Tunnel insulating layers 103 may be formed on the active regions A of the semiconductor substrate 101, respectively. The tunnel insulating layer 103 may include an oxide layer. The isolation layer 111 may protrude more toward the control gate CG than the tunnel insulating layer 103 .

The floating gates 105 may be formed over the corresponding active regions A with the corresponding tunnel insulating layers 103 interposed therebetween. The floating gate 105 may be formed at the intersection of the control gate CG and the active region A. The floating gates 105 may be separated from each other by the isolation layer 111 . The floating gate 105 may include at least one of an undoped silicon layer and a doped silicon layer doped with a conductive dopant. The floating gate 105 may function as a data storage layer. The floating gate 105 may protrude more toward the control gate CG than the isolation layer 111 . The floating gate 105 may be replaced by a charge storage layer capable of trapping charges. For example, the charge storage layer may include a silicon nitride layer.

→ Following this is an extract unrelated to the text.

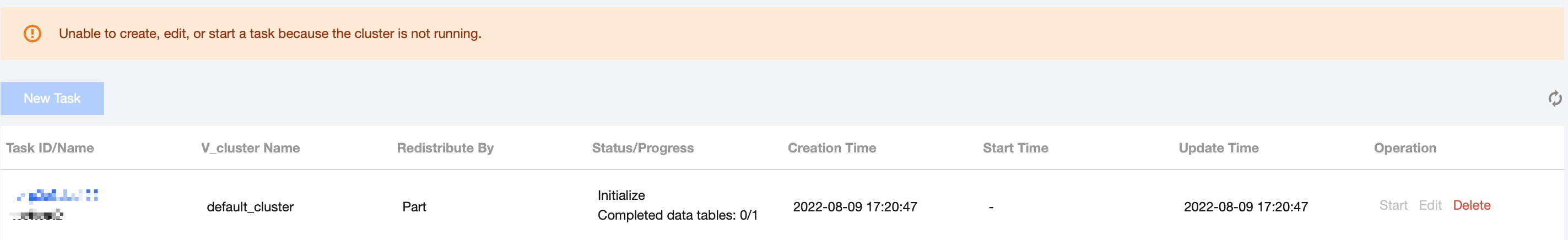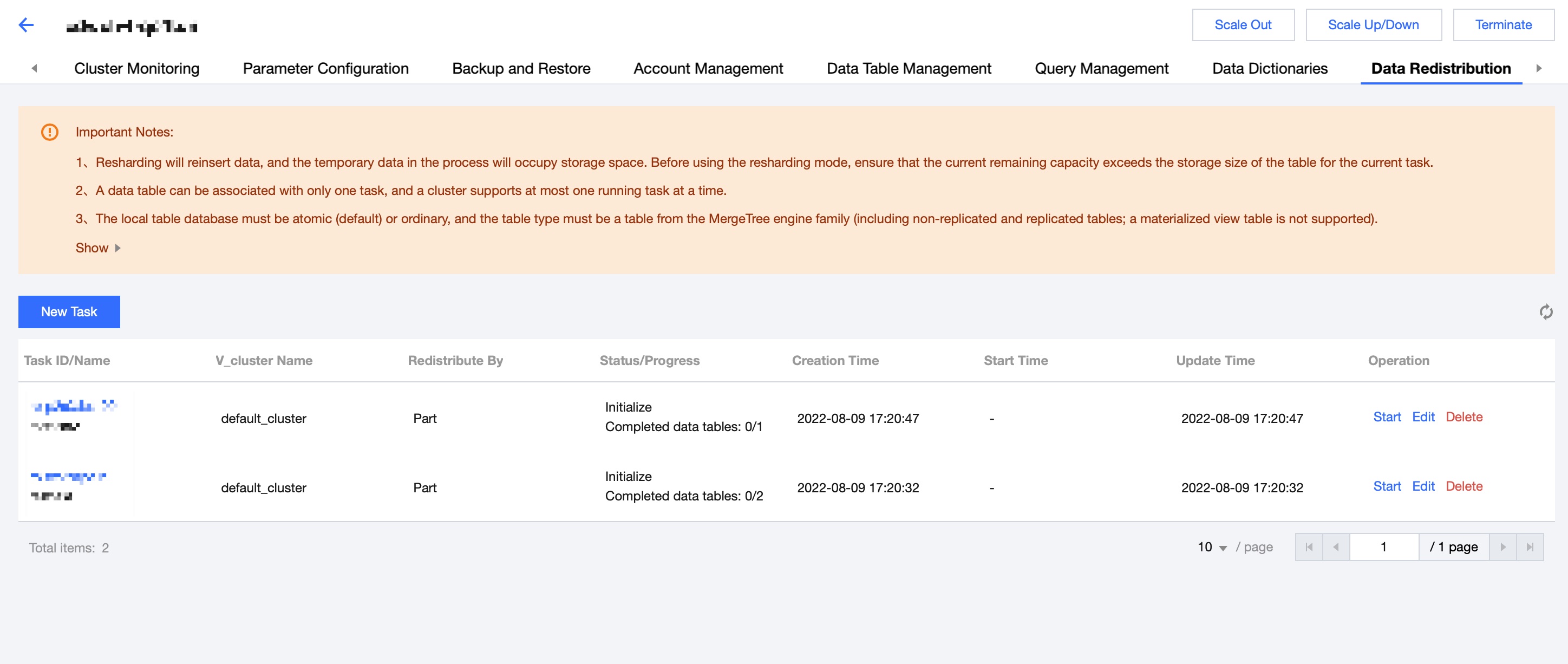 1. Log in to the Tencent Cloud TCHouse-C console, select the target cluster in the Cluster List, and click the Data Redistribution tab on the cluster details page. 2. You can view the list of existing data redistribution tasks on the current page.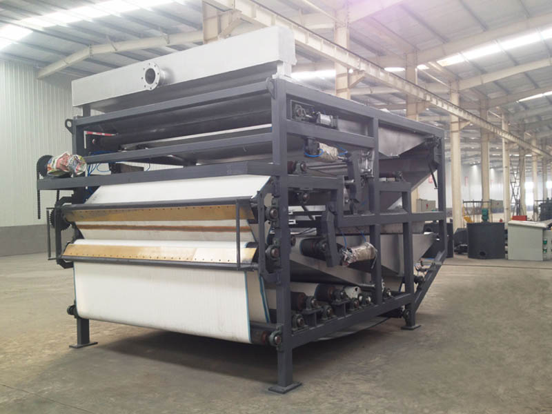 污泥經(jīng)輸送泵進入動(靜)態(tài)混合器,與同時加入的濃度為0.05~0.1%陰(陽)離子絮凝劑溶液相混合并充分反應(yīng)后,渣(泥)漿中的微小固體顆粒(或懸浮物)聚凝成體積較大的絮狀團塊,物料間的結(jié)合水及表面水被分離成自由水,當物料被輸送鋪展到加長的重力預(yù)脫水區(qū)(或污泥脫水機上)的濾網(wǎng)上,在重力的作用下自由水透過濾網(wǎng)背面而滲出分離,形成不流動狀態(tài)的污泥,達到壓榨脫水區(qū)實施最大壓力條件,然后隨著網(wǎng)帶的移動而夾持在上下兩條網(wǎng)帶之間,經(jīng)過具有可調(diào)張緊力的過濾帶及直徑逐漸遞減的轉(zhuǎn)輯和對壓輯,實施連續(xù)增加的緩慢的對輟擠壓力、剪切力作用,通過形區(qū)、低壓區(qū)、中壓區(qū)、高壓區(qū)和強力對銀擠夾區(qū)將渣(泥)漿中的水份經(jīng)過逐級增壓的方式不斷擠壓出來,最后形成含水率較低的濾餅排出,通過刮料板刮離,上下濾帶分開,經(jīng)過高壓沖洗水及滾刷清除濾網(wǎng)表面孔隙中的微量顆粒,繼續(xù)進入下一步脫水循環(huán)。

The dielectric layer 120 may cover the isolation layer 111 and the floating gate 105 . The dielectric layer 120 may be conformally formed on the steps defined by the isolation layer 111 and the floating gate 105 . The dielectric layer 120 may be opened at the central region of each of the plurality of spaces between the floating gates 105 . The dielectric layer 120 may include a first oxide layer 121 , a nitride layer 123 and a second oxide layer 125 sequentially stacked with each other.

A control gate CG layer may be formed on the dielectric layer 120 . The control gate CG layer may include a seed layer 130 , a capping layer 140 and an upper conductive layer 150 .

The seed layer 130 may be a silicon layer. The seed layer 130 may be formed on top of the dielectric layer 120 on the step defined by the isolation layer 111 and the floating gate 105 . The seed layer 130 may be conformally formed on the dielectric layer 120 with openings at central regions of each of the spaces between the floating gates 105 .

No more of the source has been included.